Do you have a handicapped child to feed but your income can’t afford kosher food? Too bad, this rabbi says low income is not a reason to eat non-kosher food!
Name@Withheld from the UK wrote:
Dear Rabbi,How does a Jew like myself feed my disabled daughter kosher food on such a low income? The place where they sell kosher food is usually one place in a community. This is true here where I live in the UK. All kosher food is always extensively more expensive then non-kosher food. I therefore will suffer in eternal afterlife as the greed of the people who sell kosher meat know quite well that we can only get kosher meat at their place, so they charge extra, as do their wholesalers, and the Rabbis whom charge for doubling the price of sugar at Pesach (Passover) just to say a blessing.
The price of kosher products can be frustrating, and your anger is understandable. And if one is indeed in great financial difficulty, G-d takes that into account in judging the person. A low-income, however, is not a reason to eat non-kosher food. Perhaps a reader willing to offer you some concrete help or advice could contact us via e-mail: email@example.com.
The economic reality is such that in order to produce kosher food, greater care, supervision and manpower is required, as well as different and sometimes more expensive ingredients and processes.
Here’s one example: Gelatin is made from non-kosher animal bones – very available, and very cheap. Kosher food substitutes “agar-agar,” a seaweed extract that is not as common and therefore more expensive. In addition, a supervisor must be paid to make sure no unkosher ingredients are “snuck” in.
Another factor is the small size of the kosher market relative to the greater market. Producing in bulk brings down costs, so unkosher products can sometimes be produced for less.
Kosher meat has its own special requirements, from the specially trained slaughterer to the inspection for treifot (lesions, etc.) These inspections are stricter than government standards, and animals that don’t pass inspection cause a monetary loss. A special process is required for the removal of many parts, as well as salting to remove the blood. All these processes require salaried manpower.
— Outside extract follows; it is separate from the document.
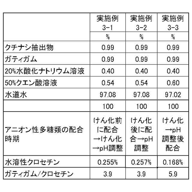 [7]クロセチン、ゲンチオビオース、アニオン性多糖類、酸及び一価の塩基を含む水溶性クロセチン含有組成物中のクロセチン及びゲンチオビオースの安定化方法であって、i)クロセチン配糖体を一価の塩基性化合物でけん化する工程、ii)アニオン性多糖類を配合する工程及びiii)酸性化合物でけん化後のpHを2.0~8.0に調整する工程を含む、安定化方法。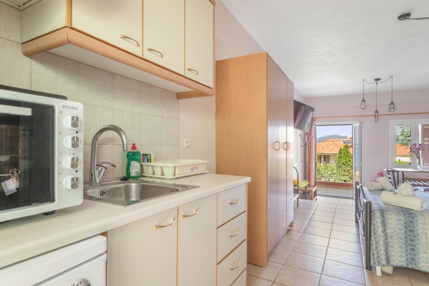 Studio with Terrace. In the fully equipped kitchen, guests will find kitchenware, an oven, a toaster and an electric kettle. This air-conditioned studio is comprised of a TV with streaming services, a private bathroom as well as a balcony with sea views. The unit has 2 beds. ;

Regarding Passover, the Rabbi does not bless the sugar. What actually happens is that a Rabbi or a supervisor oversees the production to ensure that no leavened products come in contact with the sugar. Or the machines at the sugar plant (which may also be used to process other substances not kosher for Passover) may need to be cleaned. Again, such supervision requires paying someone a salary to do it.
Furthermore, since Passover is only once a year, many Passover supervision jobs are short term, for only a few weeks or months, and require long hours. As such, few people want such jobs, so owners must offer higher salaries.
There are many foods that are kosher on the general market that can be bought at any supermarket and are not more expensive than regular products. For a complete list, I suggest that you contact the London Beth Din for their “Really Kosher Food Guide,” which should be available in any Jewish bookstore.